In summary, negative urinary protein cannot be used as an exclusionary standard for the presence of casts. The results of this study revealed that the cast detection rate can reach 6.0% in the case of negative urinary protein results, and the pathological cast rate accounted for 68.52% of the detected cast rate. Without microscopic examination of these samples, there will be a delay of suitable treatment. The four urinary microproteins have a certain diagnostic value for the detection of abnormal casts in the case of negative chemical urinary protein results. Hence, testing for mAlb, A1M, TRU, and IgG should be included in the re‐examination rules for routine urine tests. This would improve the detection rate of casts and reduce delays in appropriate treatment.

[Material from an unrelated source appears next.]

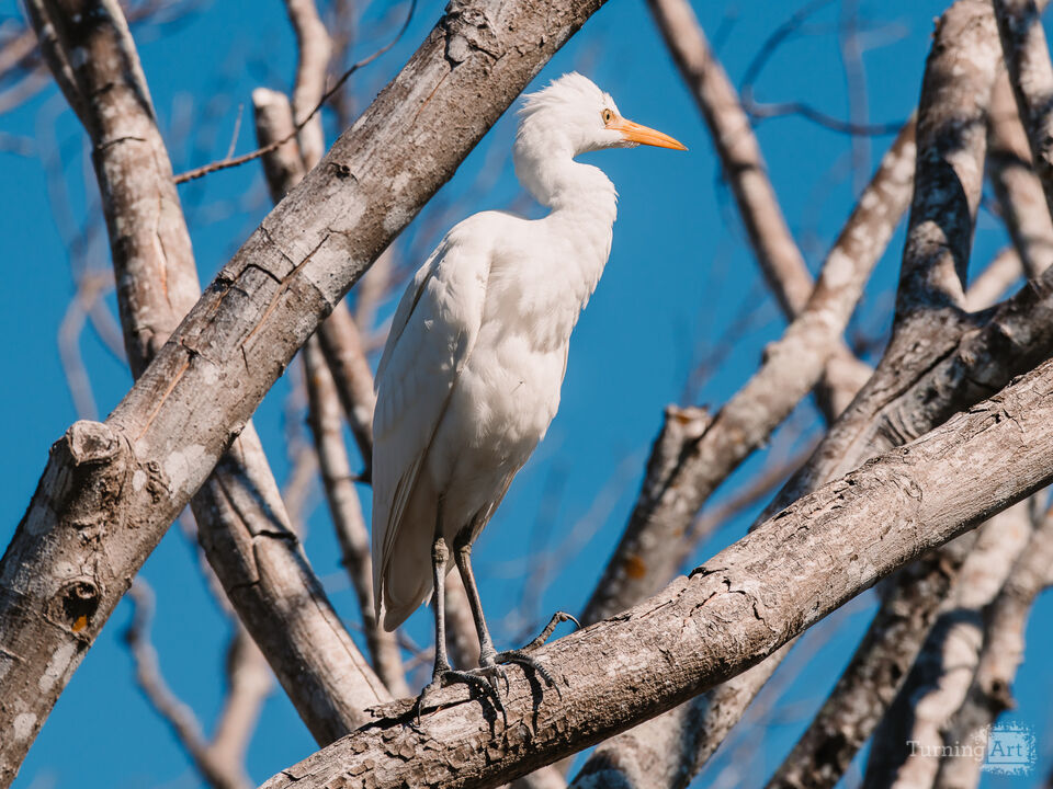 Perched gracefully on a sturdy branch, this elegant egret stands out against a brilliant blue sky. The intricate details of the tree's bark contrast beautifully with the bird's smooth feathers, creating a serene moment in nature. This artwork invites you to appreciate the simple beauty of wildlife and the tranquility it brings. Perfect for adding a touch of nature to your space, it’s a delightful reminder to pause and enjoy the little things.

Based on the current results, we can conclude the following:

Regardless of whether the qualitative urinary protein result is positive or negative, a UF‐1000i urine analyzer cast alarm must be reexamined microscopically.

Urinary microprotein test results should be included in the re‐examination rules for routine urine tests; this would improve the cast detection rate and would allow prediction of whether parenchymal damage to the kidney has occurred in the early stage. Additional recheck rules can be identified and amended manually to obtain accurate and reliable results.

The detection of microalbuminuria can provide a comprehensive auxiliary index for the diagnosis and localization of renal injury in patients with negative urinary protein results and positive cast results; this can help meet clinical needs.

Laboratories should develop re‐examination rules that are applicable to their own circumstances and should continue to perform clinical validation and adjustment of these rules. This will greatly improve the accuracy of the test results as well as work efficiency.